◆ Information:
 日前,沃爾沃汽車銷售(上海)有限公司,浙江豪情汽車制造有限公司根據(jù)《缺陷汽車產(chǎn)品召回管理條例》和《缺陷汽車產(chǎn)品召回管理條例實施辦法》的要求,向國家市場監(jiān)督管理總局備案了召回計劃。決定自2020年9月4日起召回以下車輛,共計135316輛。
...
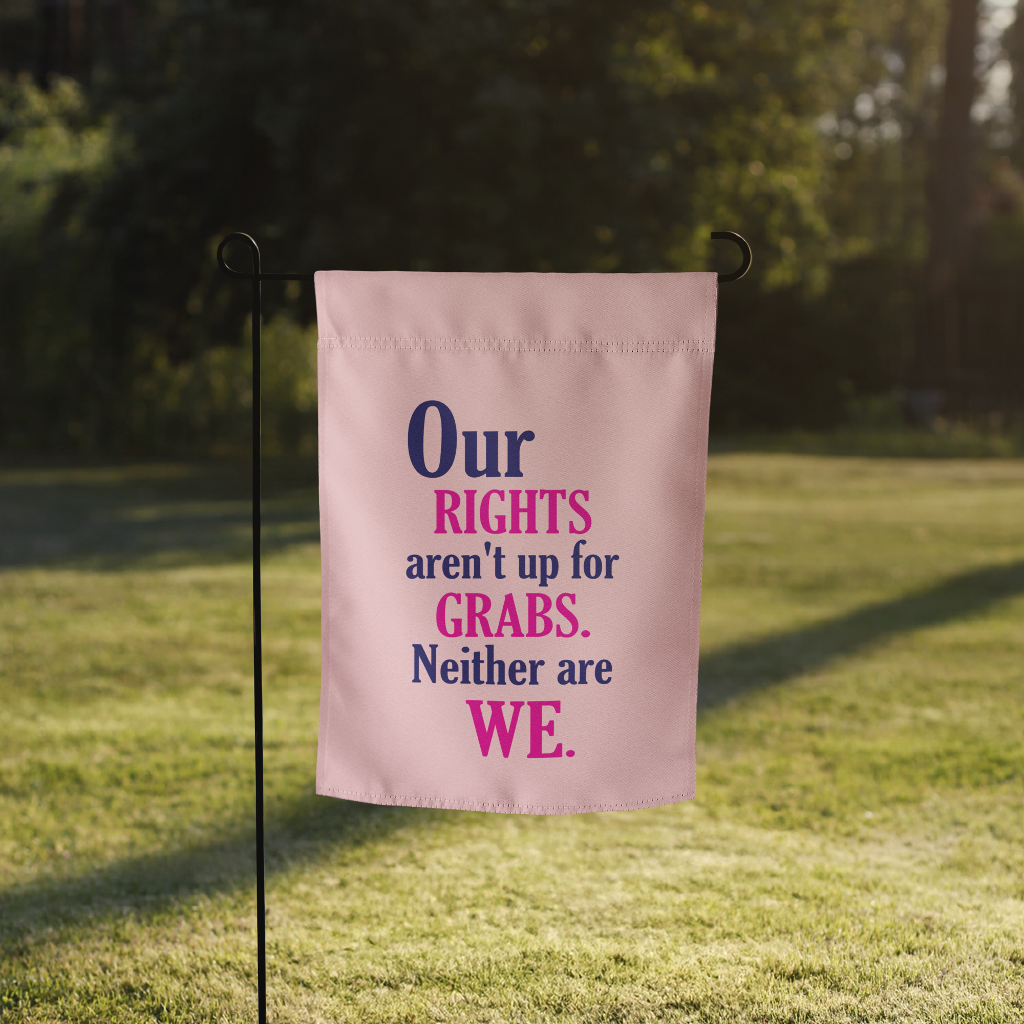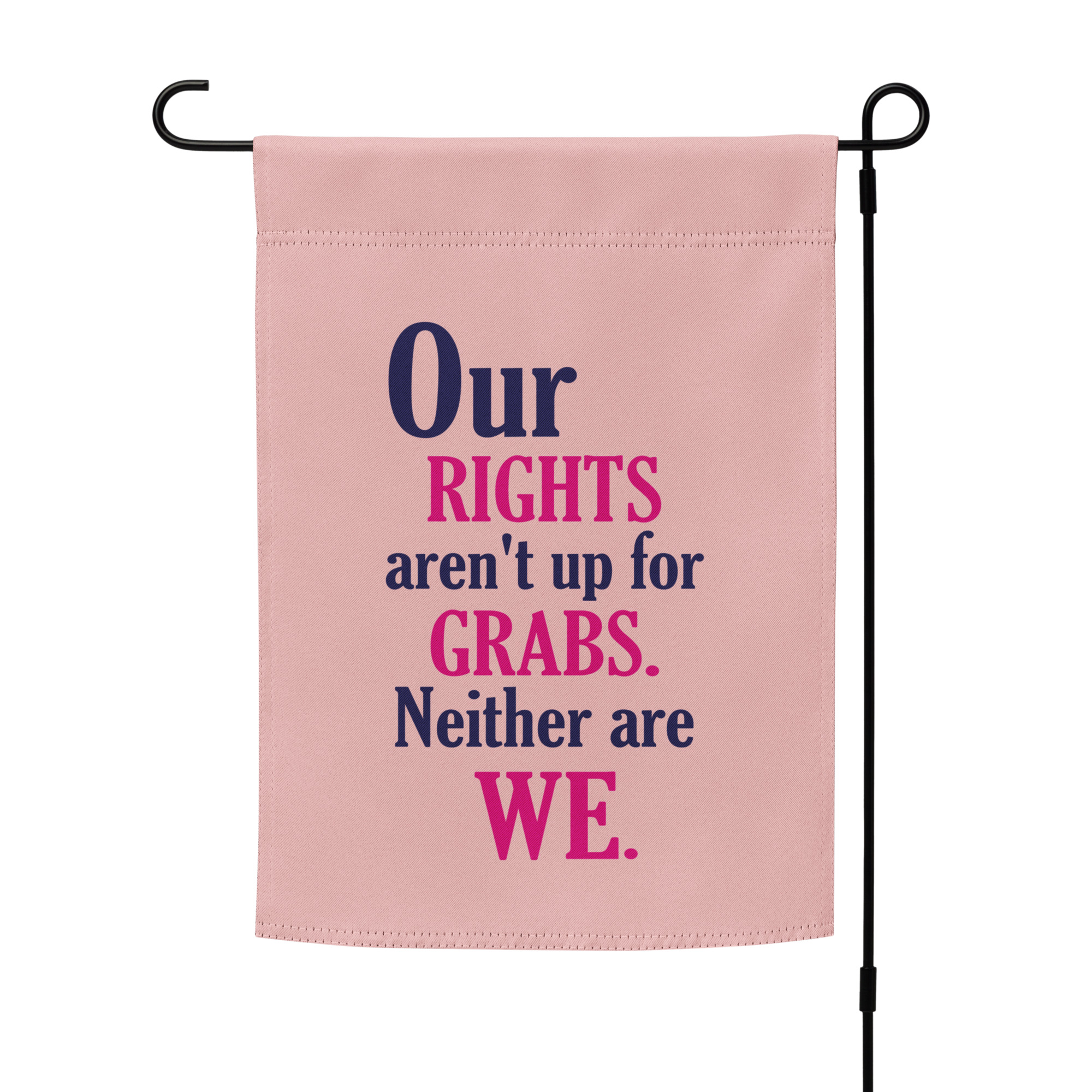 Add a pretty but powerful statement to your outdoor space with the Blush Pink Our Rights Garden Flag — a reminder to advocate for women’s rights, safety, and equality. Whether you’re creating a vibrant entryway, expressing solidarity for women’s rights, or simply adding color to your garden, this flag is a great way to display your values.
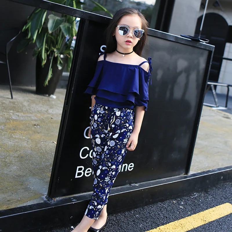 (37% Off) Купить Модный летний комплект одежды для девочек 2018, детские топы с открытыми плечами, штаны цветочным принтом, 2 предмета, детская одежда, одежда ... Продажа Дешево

◆ Exercise:
In the listing above, find the line holding "Add a pretty" and the line holding "(37% Off) Купить". Reproduce those two lines and all between them exactly, leaving out pictures.

◆ Exercise solution:
 Add a pretty but powerful statement to your outdoor space with the Blush Pink Our Rights Garden Flag — a reminder to advocate for women’s rights, safety, and equality. Whether you’re creating a vibrant entryway, expressing solidarity for women’s rights, or simply adding color to your garden, this flag is a great way to display your values.
 (37% Off) Купить Модный летний комплект одежды для девочек 2018, детские топы с открытыми плечами, штаны цветочным принтом, 2 предмета, детская одежда, одежда ... Продажа Дешево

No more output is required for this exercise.